Un paese che ha cuore la propria sovranità o un utente interessato alla propria privacy, ad esempio, non ha in sostanza ragione di preoccuparsi della sicurezza di un programma di cifratura Open Source, perché l’eventuale esistenza di caratteristiche che permettano di forzarne la sicurezza senza possedere la relativa chiave è leggibile a chiunque sia interessato a guardarci, e del resto sarebbe facilmente rimuovibile da chiunque sappia dove mettere le mani ed abbia interesse a farlo, così come è possibile migliorarne le caratteristiche ove la cifratura non venga considerata sufficientemente “robusta” per il grado di riservatezza desiderata. I programmi di controllo destinati a gestire nuovi dispositivi hardware possono essere scritti da chiunque conosca i dettagli del dispositivo medesimo, senza alcun bisogno di notizie o licenze o prodotti da parte del produttore del sistema operativo. L’attivazione da parte del sistema operativo di sistemi volti ad impedire l’accesso a certe informazioni – ad esempio a fini di censura, o di protezione, cfr. i sistemi DRM, di un “diritto d’autore”che di nuovo serve principalmente a tutelare alcuni oligopoli dell’industria culturale planetaria – ugualmente può essere rimossa, così che nessuno si cura neppure di implementarla. Viceversa, l’adozione di formati standard, universali e pubblici come Open Document garantisce l’accessibilità dei propri dati con programmi di fornitori diversi, o sviluppati ad hoc senza operazioni complicate di reverse engineering, anche tra cinque, dieci, cento anni, senza essere in balia del dubbio interesse del produttore ad esempio di Microsof Office di mantenere una “compatibilità all’indietro” dei propri programmi con i formati utilizzati dalle versioni precedenti (la cui utilizzazione il produttore vuole anzi sia cessata il più presto possibile quando una nuova versione è disponibile…).
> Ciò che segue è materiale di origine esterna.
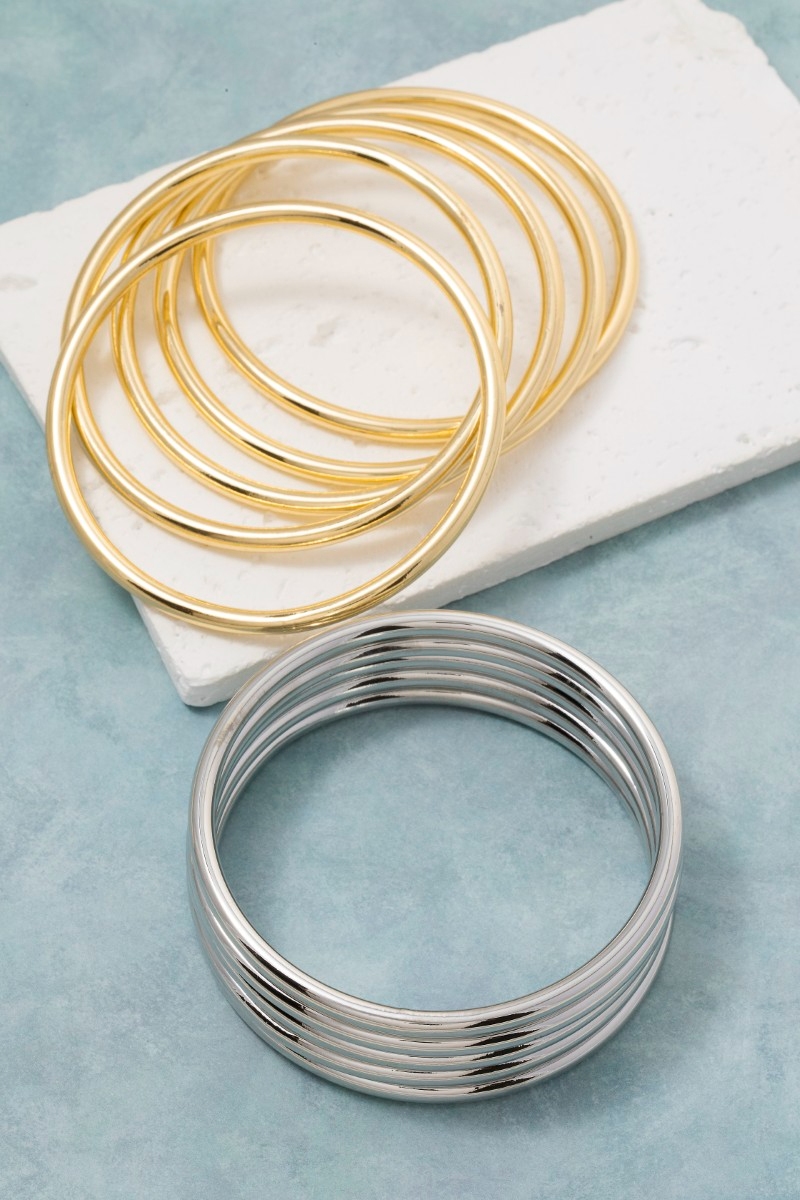 • This bangle bracelet displays a vibrant 5pc metallic set style. Experience a subtle blend of modernity and classic charm as this bangle bracelet effortlessly adorns your ensemble.

Non solo. In un mondo destinato all’interconnessione generale, l’utilizzo di sistemi di sicurezza arbitrariamente alta, e soprattutto unicamente di software il cui effettivo funzionamento può essere appurato da chiunque, previene l’accesso indesiderato al proprio sistema da parte di terzi per i fini più vari; ed ancora previene – a monte – l’installazione, di sicuro non richiesta dall’interessato, di sistemi di questo tipo che non siano sotto il suo diretto controllo; al punto anzi che un’applicazione coerente dell’ipocrita e demagogica normativa europea in materia di trattamento dei dati personali (la cosiddetta “privacy”) dovrebbe imporre in realtà l’adozione esclusiva di tali soluzioni, per non parlare delle regole in materia di segreto professionale e d’ufficio. Senza complottismi più o meno fantastici, qualcuno si rende conto che un PC con programmi proprietari installati può scaricare nuovi programmi il cui contenuto resta parimenti ignoto, e spesso comunica via Internet in modo del tutto autonomo da qualsiasi richiesta esplicita dell’utente, e senza metterlo al corrente del contenuto di tale comunicazione, con una serie di soggetti diversi ? Tra cui soggetti, come Microsoft stessa, i cui legami con enti benefici come CIA, NSA, eccetera, sono ben documentati, anche a prescindere dallo sfruttamento che l’azienda può fare di tali dati per i fini suoi propri, ad esempio in termini di profilazione e di marketing? Per non contare l’esposizione a trojan horses, virus, worms, exploits, etc., per scopi che possono andare dall’utilizzo a per interesse proprio o altrui da parte del diffusore, al sabotaggio, al vandalismo, esposizione che viene rimediata solo quando e se il produttore ritenga di occuparsene, o almeno di rendere noto il problema.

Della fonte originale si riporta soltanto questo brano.